Exercise requirements — Include the line containing "2、用BurpSuite的I" and all lines before it, repeated exactly from the listing below, without pictures.

Data excerpt —

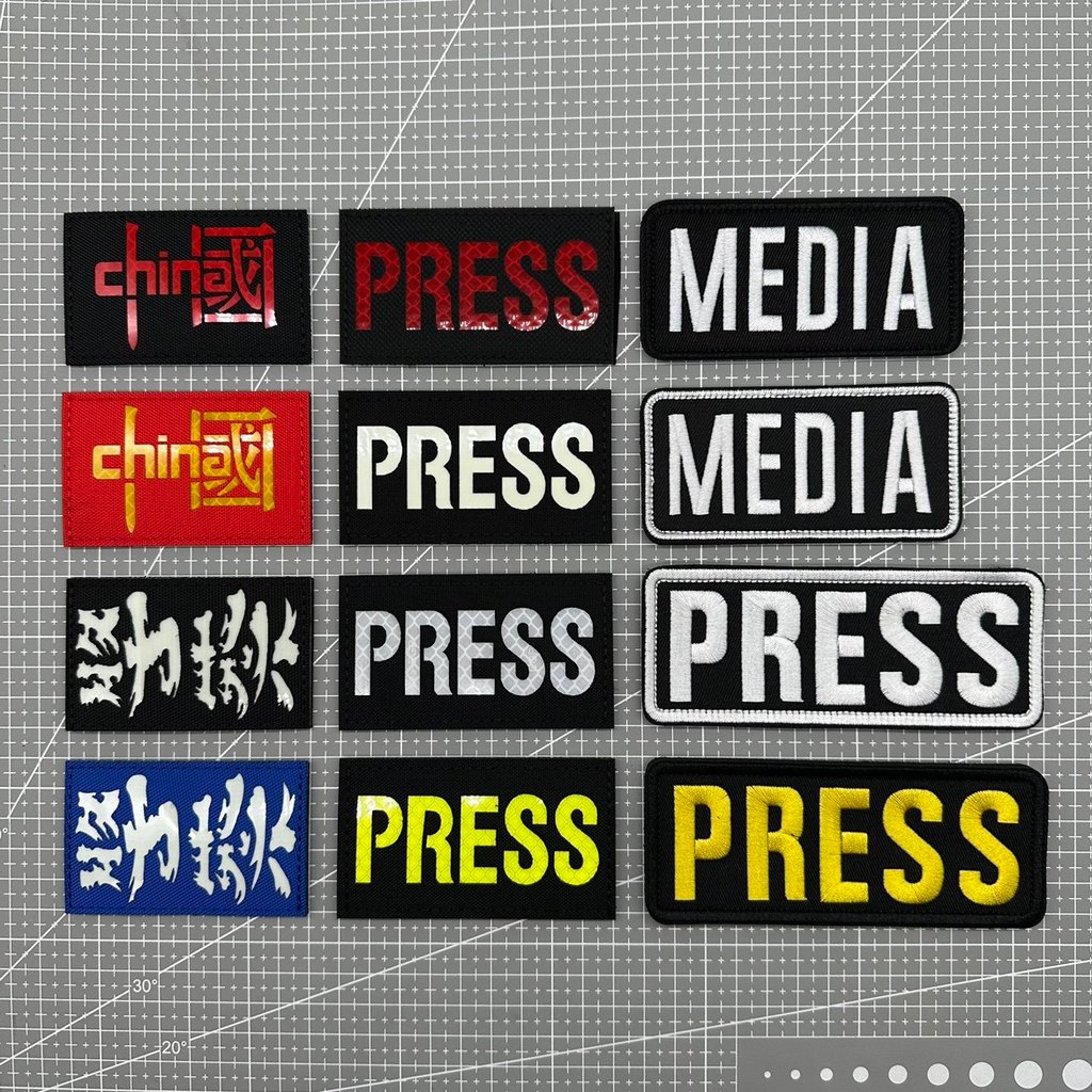 [Tùy chỉnh] QN PRESS news media phóng viên tiếng Anh thêu chữ cái MEDIA phản quang 3D Velcro Patch / Huy hiệu / băng tay / Biểu tượng trang trí cho áo khoác Jeans Mũ ba lô
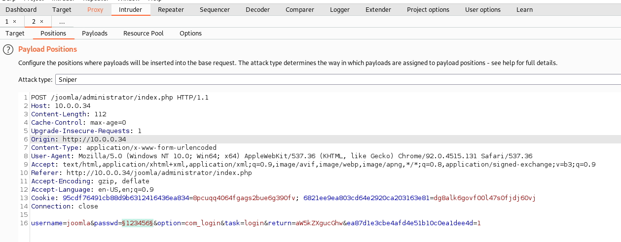 2、用BurpSuite的Intruder模块进行暴力破解。密码字典就用刚才生成的joker.txt。
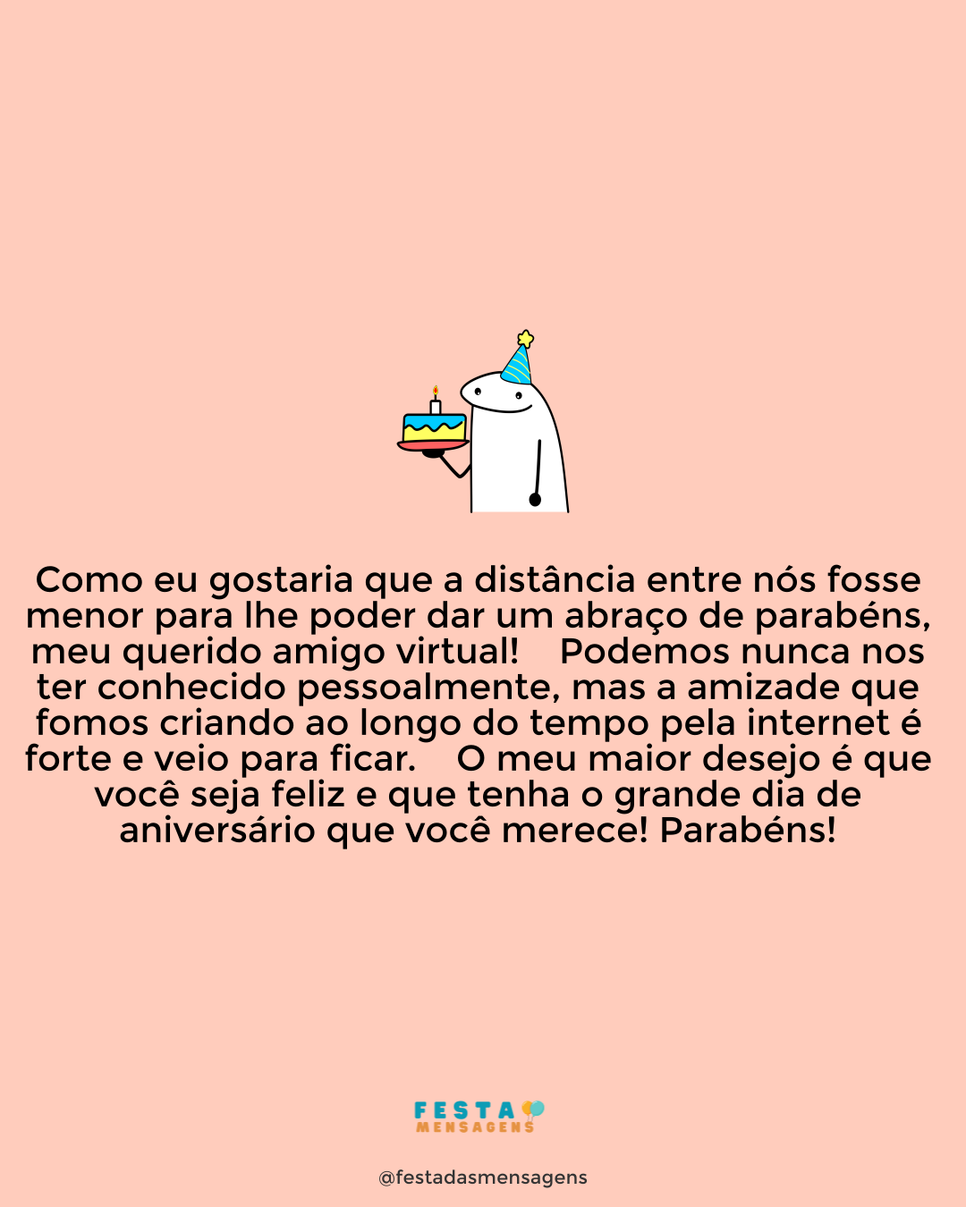 A fé nos uniu e é por isso que nada nos separa. Parabéns para você. Que Deus lhe dê sempre forças para seguir em frente e exercer a sua crença. Você sabe bem que tenho um enorme respeito e admiração por você. É muito bom ter alguém com quem eu posso compartilhar a minha fé e fazer a minha crença ainda maior. Este foi um encontro de almas e é por isso que desejo a maior felicidade do mundo no dia do seu aniversário. Parabéns e que Deus lhe abençoe!
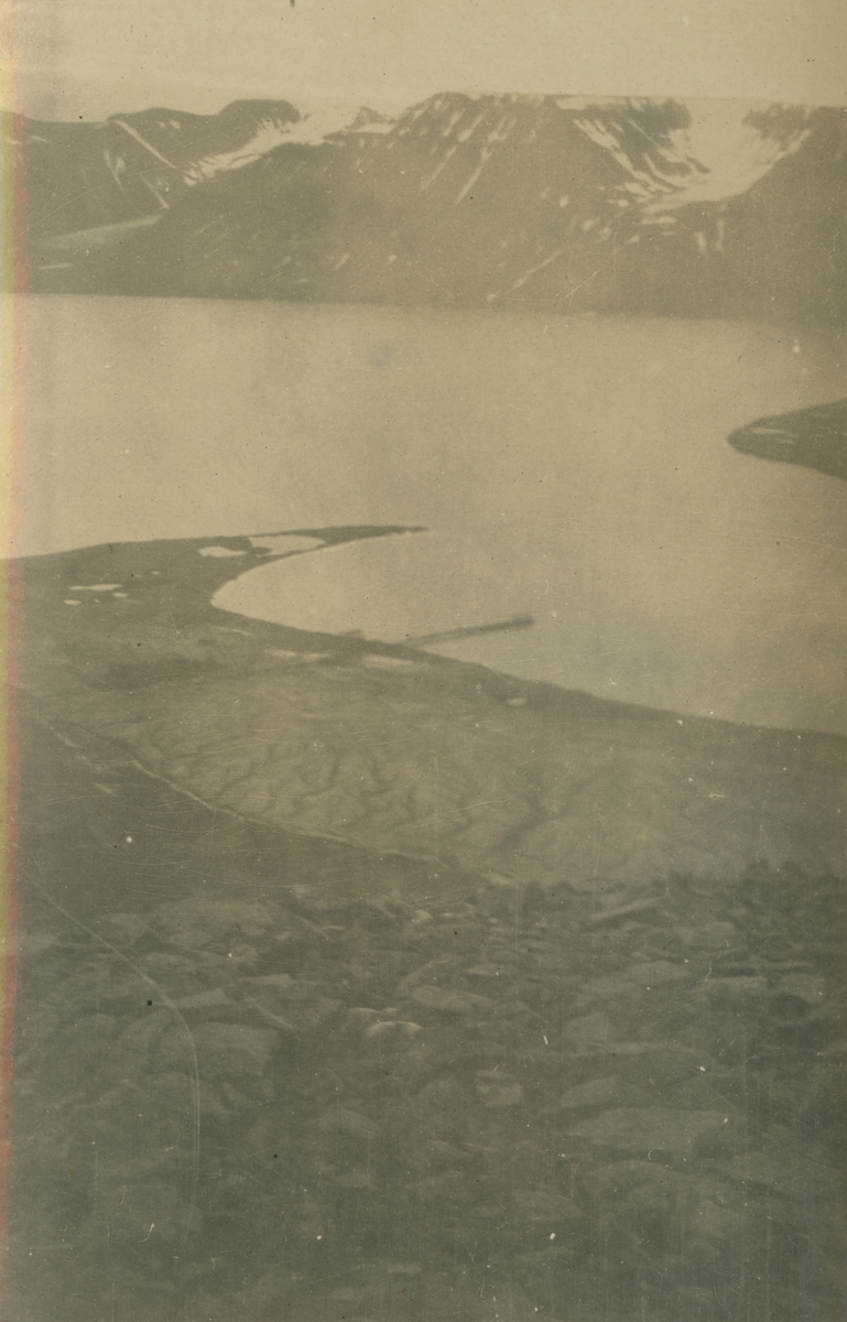 Fotografi från expedition till Spetsbergen. Vy över stenig strand, vatten och snötäckt berg.

Expected output —
 [Tùy chỉnh] QN PRESS news media phóng viên tiếng Anh thêu chữ cái MEDIA phản quang 3D Velcro Patch / Huy hiệu / băng tay / Biểu tượng trang trí cho áo khoác Jeans Mũ ba lô
 2、用BurpSuite的Intruder模块进行暴力破解。密码字典就用刚才生成的joker.txt。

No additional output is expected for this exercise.